Venons-en à la seconde activité de ton entreprise, le marketing sensoriel. Dis-nous un peu plus sur ce service.
« Tout d’abord, il faut comprendre ce que c’est le marketing sensoriel. Le terme « sensoriel » renvoie aux cinq sens de l’homme, c’est-à-dire le toucher, la vue, l’ouïe, le goût et l’odorat. Le marketing sensoriel a recours à un ou plusieurs de nos sens avec l’objectif de séduire le consommateur tout en stimulant ses sens. Le but ultime de ce genre de marketing est d’influencer favorablement le comportement du consommateur vis-à-vis d’un produit ou au sein d’un point de vente. Chez Instinct Mind, le service de marketing sensoriel que nous proposons repose sur l’odorat.
La manière dont nous fonctionnons est très simple ! Pour les clients auquel nous offrons ce type de service, nous plaçons des diffuseurs professionnels. Ce diffuseur est capable de véhiculer une odeur spécifique dans un environnement précis, qui jouera avec les souvenirs de la personne qui la sent.
Prenons l’exemple du magasin Rip Curl, qui propose des vêtements de plages entre autres. Dans le magasin, nous plaçons un diffuseur qui va renvoyer l’effet de plage au consommateur. Et inconsciemment, ce dernier va rentrer dans cette atmosphère de plage, l’incitant à effectuer un achat, car inconsciemment, il désire aller à la plage.
Le marketing sensoriel à Maurice est perçu comme un « investment product. » Nous proposons ce service à des hôtels, des commerces (retail shop) et également des entreprises pour, par exemple, réduire le stress des employés en diffusant un parfum qui va stimuler leur sens et les relaxer.
Il faut quand même dire qu’à Maurice ce service est difficile à vendre, car il est encore méconnu.
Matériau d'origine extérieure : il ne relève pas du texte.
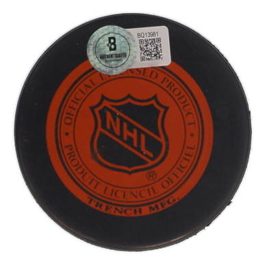 Montreal Canadiens logo hockey puck has been hand-signed by Jean Beliveau (D. 2014, HOF).

Il nous faut donc fournir aux clients toutes les informations, voire leur proposer d’essayer. De ce fait, pour trouver nos clients, nous procédons vraiment à travers le networking.»
Cette startup mauricienne, Instinct Mind, est une preuve que la technologie n’est pas le seul secteur innovant. Ici, il ne s’agit pas d’innovation en termes d’outil numérique, mais en un concept différent. Quoi qu’il en soit, le neuromarketing et le marketing sensoriel apportent un vent de fraîcheur dans le domaine du marketing traditionnel.